CANBERRA, Nov. 21 (Xinhua) -- Scientists from Australia's national science agency have developed a tool that uses artificial intelligence (AI) and social media to detect outbreaks of acute disease events.
The team from Data61, the data science arm of the Commonwealth Scientific and Industrial Research Organisation (CSIRO), were inspired by the thunderstorm asthma event that hit Melbourne without warning in 2016.
Ten people died and more than 8000 were hospitalized by the event on Nov. 21, 2016, which occurred when rye grass pollen was swept across the city by a sudden cool change, sparking asthma-like symptoms in thousands of people.
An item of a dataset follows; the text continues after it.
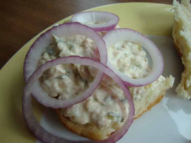 and combined half a can of tuna with miracle whip and pickle relish, on a soft bun, topped with tons of red onion.
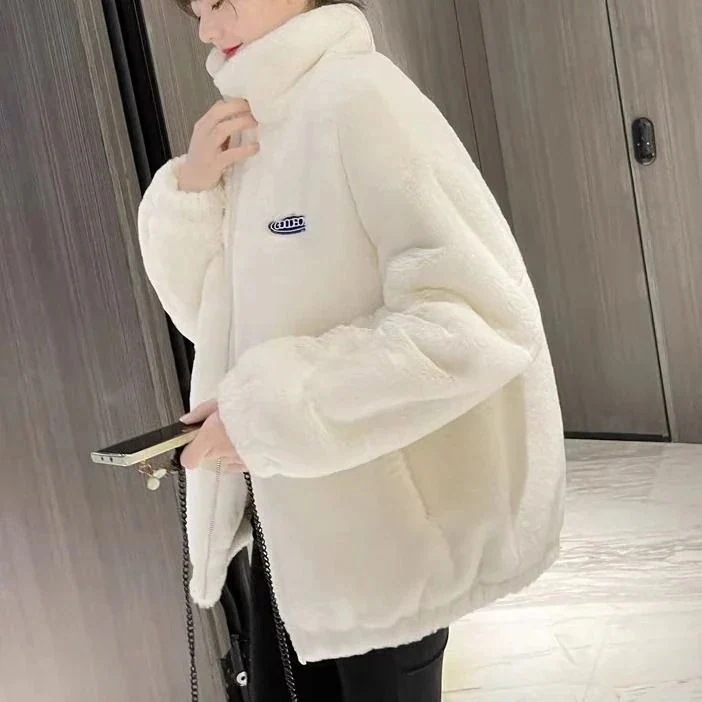 冬アウター ラムウールジャケット女性秋冬新作ファッション外国ガス増粘ルーズ両面ファー付きトップスジャンパー ブルゾン

On the third anniversary of the event on Thursday, Data61 postdoctoral fellow Aditya Joshi said the key challenge in responding to acute disease was detecting them as early as possible.
"The popularity of social media makes it a valuable source of information for epidemic intelligence," Joshi said in a media release.
"We developed a technique that was able to detect the disease outbreak up to nine hours before it was officially reported and before the first news story broke.
"We can draw upon informal sources such as social media data to understand how acute disease events occur, and we can detect when and where an outbreak is likely to occur. This means hospitals and public health agencies can be as prepared as possible."
The team taught the tool to search millions of posts on twitter for terms that could indicate an outbreak such as "breath" and "coughing."
It then uses two fields of AI -- natural language processing (NLP) and statistical time series modelling -- to ensure the posts containing the words were reporting health conditions.
In addition to thunderstorm asthma the tool can also detect outbreaks of Ebola, influenza and the Zika virus, said the CSIRO.